How severe does this issue affect your experience of using Ray?
- None: Just asking a question out of curiosity
- Low: It annoys or frustrates me for a moment.
- Medium: It contributes to significant difficulty to complete my task, but I can work around it.
- High: It blocks me to complete my task. (unless I can disable it on the workers)
I’m running some RLlib + Tune workloads on multiple nodes.

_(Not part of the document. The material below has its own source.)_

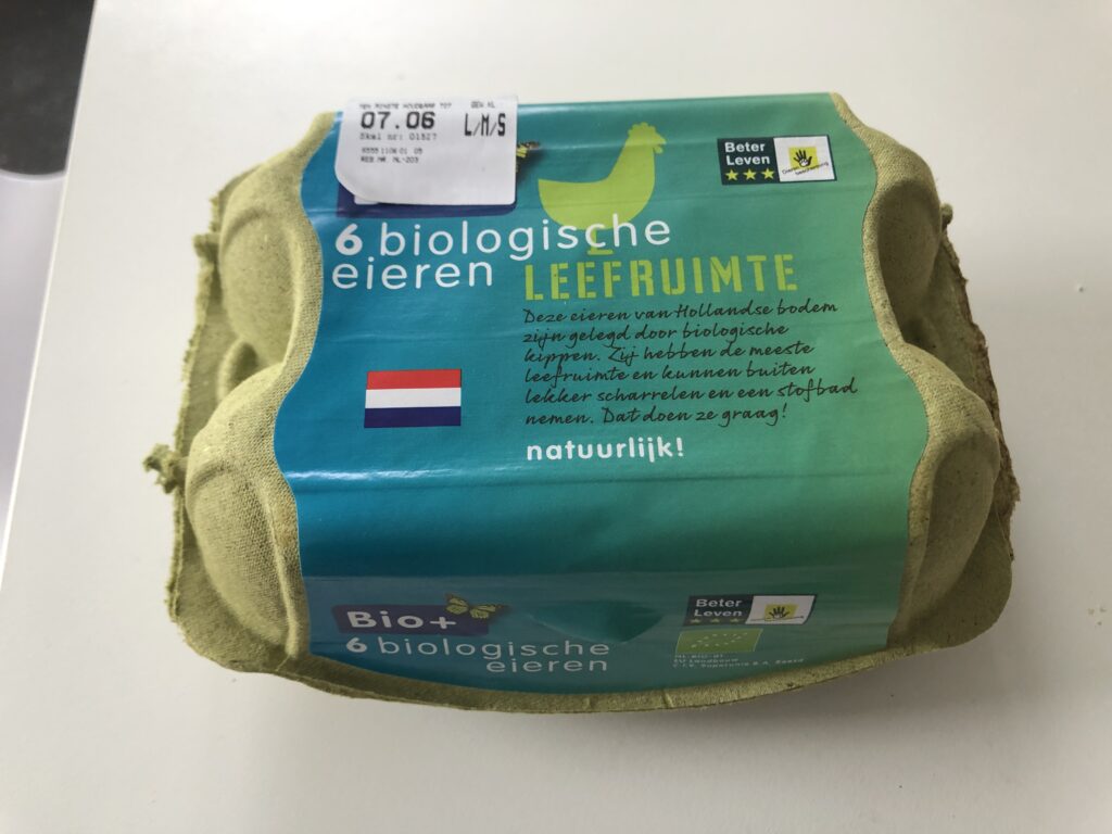 6個入りで約€2のBIOで生産された最高級品質の卵です

After a day or so I’m getting:
(_PackActor pid=233066, ip=10.10.4.2) ray._private.memory_monitor.RayOutOfMemoryError: More than 95% of the memory on node ***** is used (357.77 / 376.36 GB). The top 10 memory consu
mers are:
(_PackActor pid=233066, ip=10.10.4.2)
(_PackActor pid=233066, ip=10.10.4.2) PID MEM COMMAND
(_PackActor pid=233066, ip=10.10.4.2) 256207 127.58GiB /usr/local/bin/python3 -u /usr/local/lib/python3.9/site-packages/ray/dashboard/agent.py --node-ip-ad
(_PackActor pid=233066, ip=10.10.4.2) 256148 3.14GiB /usr/local/lib/python3.9/site-packages/ray/core/src/ray/raylet/raylet --raylet_socket_name=/tmp/ray/
(_PackActor pid=233066, ip=10.10.4.2) 256060 1.71GiB /usr/local/lib/python3.9/site-packages/ray/core/src/ray/gcs/gcs_server --log_dir=/tmp/ray/session_20
(_PackActor pid=233066, ip=10.10.4.2) 256351 1.51GiB python3 -u scripts/train.py --logdir logs/hyperion/exp-set-04/exp-01 --exp-name exp-gnn/exp-set-04/e
(_PackActor pid=233066, ip=10.10.4.2) 260405 1.25GiB ray::RolloutWorker
(_PackActor pid=233066, ip=10.10.4.2) 258394 1.24GiB ray::RolloutWorker
(_PackActor pid=233066, ip=10.10.4.2) 260391 1.24GiB ray::RolloutWorker
(_PackActor pid=233066, ip=10.10.4.2) 258389 1.24GiB ray::RolloutWorker
(_PackActor pid=233066, ip=10.10.4.2) 260392 1.24GiB ray::RolloutWorker
(_PackActor pid=233066, ip=10.10.4.2) 258382 1.24GiB ray::RolloutWorker
That doesn’t look healthy.
I can start the worker with ray start <...> --include-dashboard false
(according to the doc), but this might be indicating some deeper issue.